WASHINGTON -- And 2 a.m. here. Which is a problem, since I'm wide-awake.
Jet lag does bizarre things to one's body. How can I spend 32 hours awake yesterday, including packing, a last-minute basketball shootaround behind the Beijing bureau, a delayed 13-hour flight, which caused a 5-hour pushback in New York, followed by a one-hour flight and a two-hour conversation with my mother, then sleep for eight hours, put in a full day, then sleep another two hours, then wake up at midnight, wide-awake and unable to fall asleep two hours later?
This will create problems over the next few days. But no use fighting it. Might as well get something done.
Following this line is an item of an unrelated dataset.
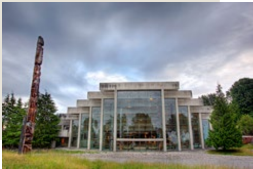
Gulf of Georgia Cannery.

I promised a post from the plane, but if I can't stomach pseudo-deepness in my writing, I'm not going to subject you to it. All I came up with were tick-tock observations common to any transcontinental flight, so chalk one up to writers' block. Jet lag -- now there's a topic for the muses. I'm thinking about late afternoon in Beijing on the Tuesday after I've left, and I'm thinking about everything I have to get done in the next couple weeks, and how life in America would be simpler if my internal clock weren't still set to China time.
I saw my mother back to Minnesota today. She's been house-sitting my condominium in Virginia the entire time I've gone, and my condo is the better for it. I don't think it's ever been so clean, and my mother, who I think could do home improvements professionally, did some necessary caulking and some appreciated painting. She even made a new short-curtain for my kitchen window. These are the things that remind one how special home is after the grand adventure. And of how thankful one should be to come from a loving family. Blessings abound this Thanksgiving season.